Citizens Insurance appealed the district court's ruling that it had a duty to defend Liberty University in an underlying action. In the underlying action, Janet Jenkins filed suit against Liberty University, alleging that the school participated in a scheme to kidnap Jenkin's daughter in order to disrupt the parent-child relationship. The court concluded that the district court erroneously interpreted the Jenkins Complaint, the Separation of Insureds
provision, and Virginia law. In this case, the Jenkins Complaint does not allege an "occurrence," and it triggers the policy's coverage exclusions. Accordingly, Citizens Insurance has no duty to defendant Liberty University. The court vacated and remanded. View "Liberty Univ. v. Citizens Ins. Co." on Justia Law
Posted in:
Insurance Law
Wilks v. Manobianco
Under Ariz. Rev. Stat. 20-259.01, insurers must offer uninsured motorist (UM) and underinsured motorist (UIM) coverage to their insureds and may prove compliance by having their insureds sign a Department of Insurance (DOI) approved form selecting or rejecting such coverage. Plaintiff obtained car insurance from State Farm through Defendant, an insurance agent. Plaintiff requested that her policy include both UM and UIM coverage, but Defendant procured insurance that did not include UIM coverage. Plaintiff signed the DOI-approved form, which had been filled out by Defendant to reject UIM coverage. Plaintiff and her husband later sued Defendant for malpractice for failing to procure the insurance coverage they had requested. The trial court concluded that Defendant’s compliance with section 20-259.01 demonstrated that it fulfilled its duties to Plaintiff regarding the offer of UM/UIM coverage, and therefore, Defendant breached no duty owed to Plaintiffs. The court of appeals reversed, holding that section 20-259.01(B) did not abolish the common law duty of reasonable care insurance agents owe their clients. The Supreme Court affirmed, holding that compliance with section 20-259.01 does not bar a negligence claim alleging that the insurance agent failed to procure the UIM coverage requested by the insured. View "Wilks v. Manobianco" on Justia Law
Posted in:
Injury Law, Insurance Law
Gradillas v. Lincoln General Ins.
Plaintiffs filed suit against Lincoln seeking to recover damages for the injuries they incurred from the insured. The court certified the following question to the Supreme Court of California: When determining whether an injury arises out of the “use” of a vehicle for purposes of determining coverage under an automobile insurance policy and an insurance company’s duty to defend, is the appropriate test whether the vehicle was a “predominating
cause/substantial factor” or whether there was a “minimal causal connection” between the
vehicle and the injury? View "Gradillas v. Lincoln General Ins." on Justia Law
Posted in:
Insurance Law
Jarrett v. Dillard
Ray Dillard attempted to collect workers' compensation benefits from the president and majority shareholder of his employer. In 1997, The Commission held that Dillard suffered a compensable injury. After the mandate issues, one of Dillard's attorneys filed a lis pendens notice regarding several parcels of real property the company's president owned. Because none of that property belonged to the company itself, Dillard's attorney informed the president that it was asking the Commission to hold the president personally liable for Dillard's benefits because the company failed to carry workers' compensation insurance. Dillard died in 2005 while unresolved issues regarding who would ultimately be responsible for Dillard's benefits was pending before an administrative law judge.
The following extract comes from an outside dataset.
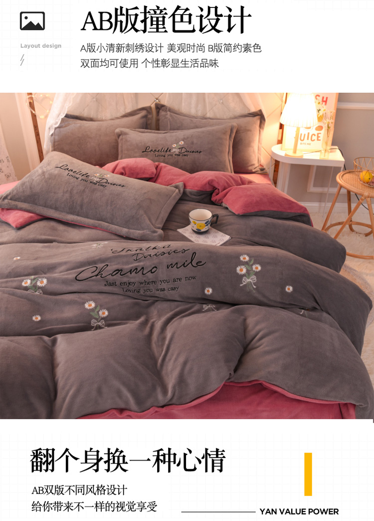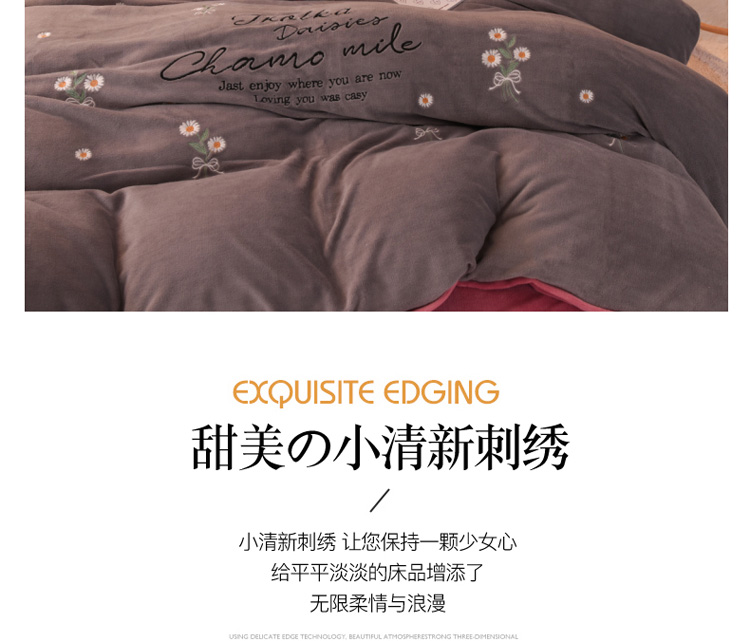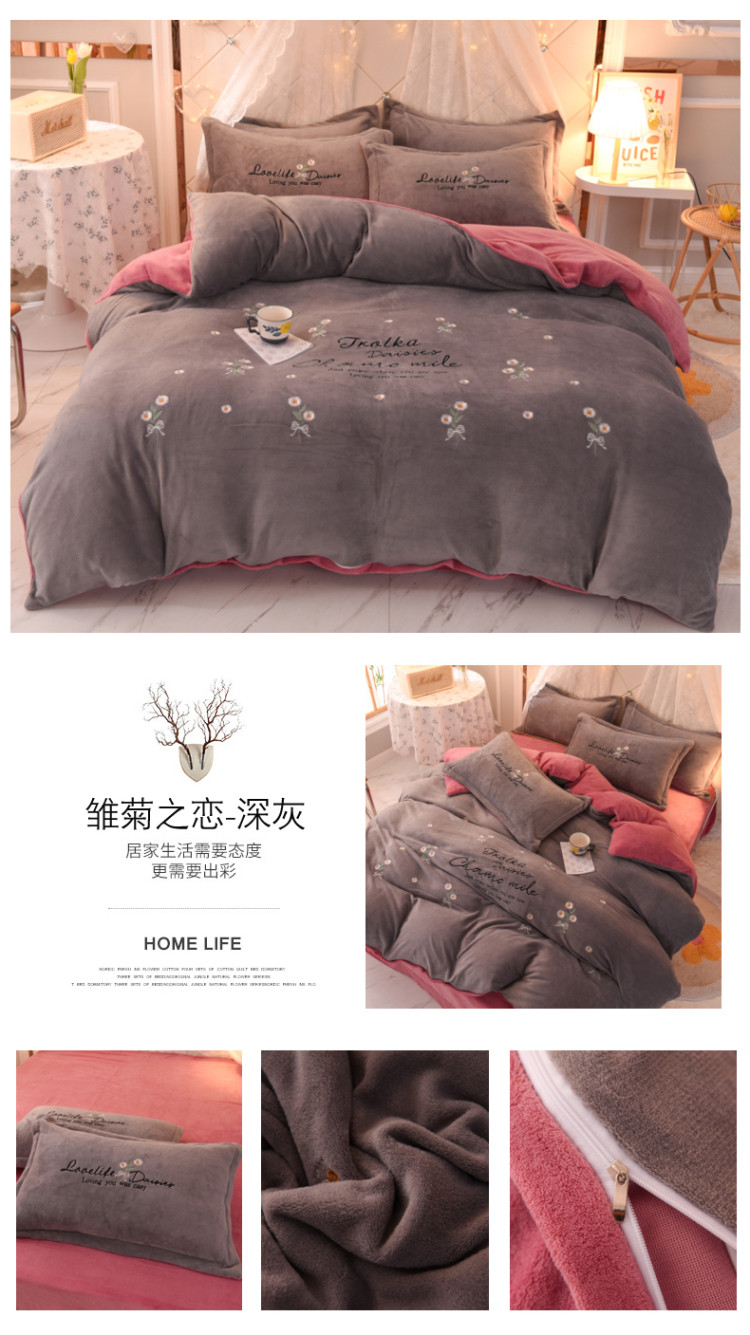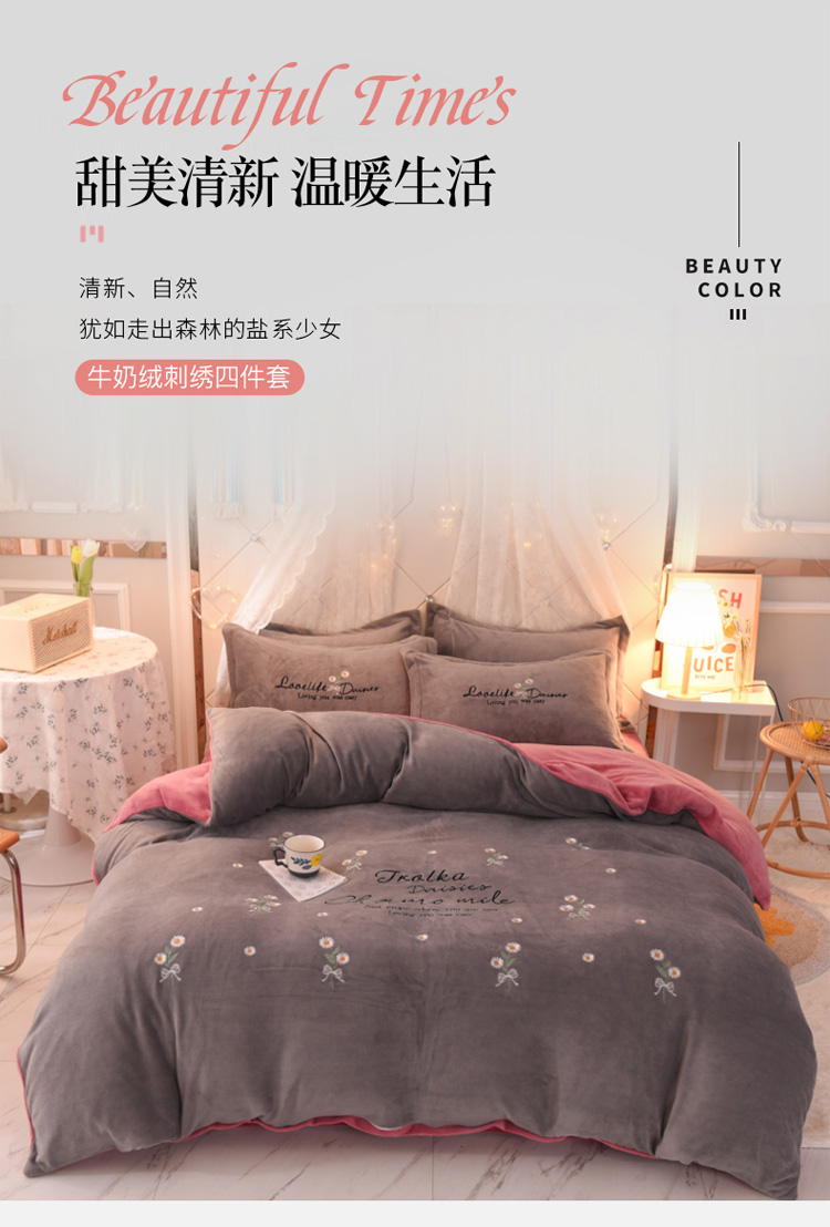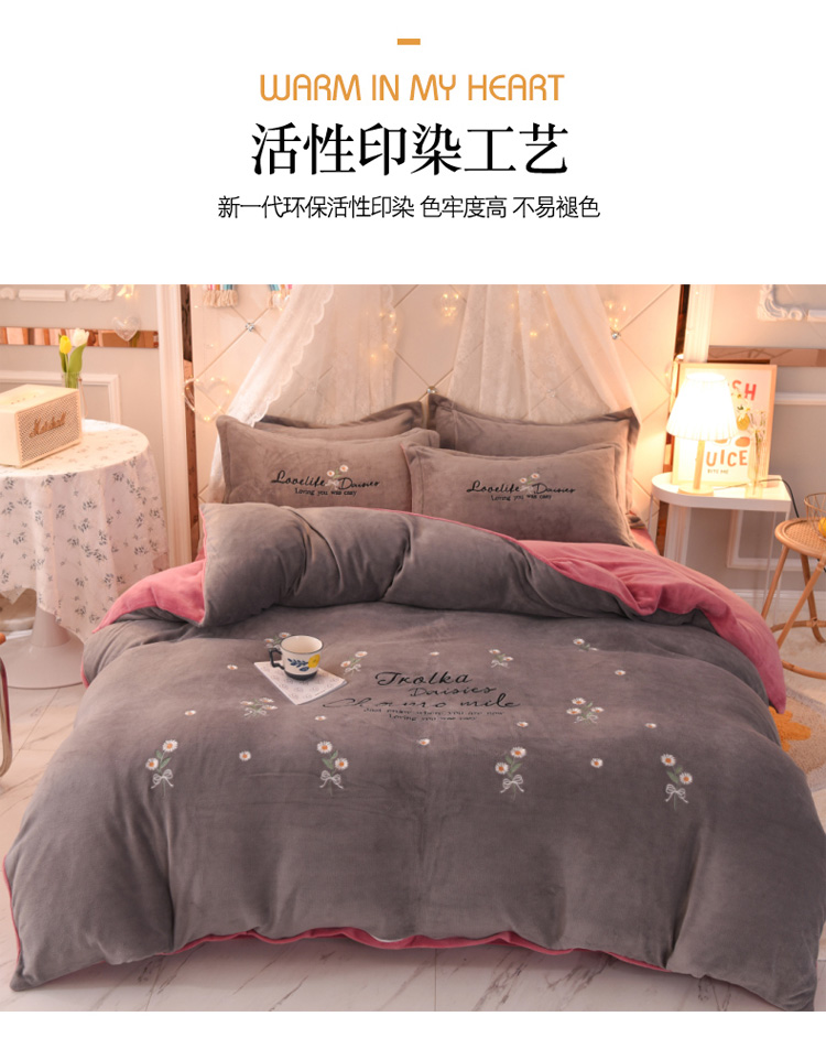 商品名称:捌月牛奶绒小清新刺绣四件套 雏菊之恋-深灰

Dillard's estate filed a complaint at the circuit court against the president and company, claiming that the company was required to carry workers' compensation insurance but failed to do so. Therefore, the Estate argued the president was personally liable for Dillard's benefits. Among other things, the president argued that the Estate's claim was barred by the statute of limitations and the doctrine of res judicata. Eventually, the administrative law judge granted the Estate's renewed motion for summary judgment, and entered a judgment of approximately $223,000 against the president and the company "jointly and individually." The president appealed, and the case was assigned to the Court of Appeals. The appellate court held that Dillard's claim against the company president was barred by res judicata and the statute of limitations. The Supreme Court held the Court of Appeals erred in reaching that conclusion, reversed and reinstated the trial court's judgment in favor of Dillard. View "Jarrett v. Dillard" on Justia Law
Harper v. Banks, Finley, White & Co. of Mississippi, P.C.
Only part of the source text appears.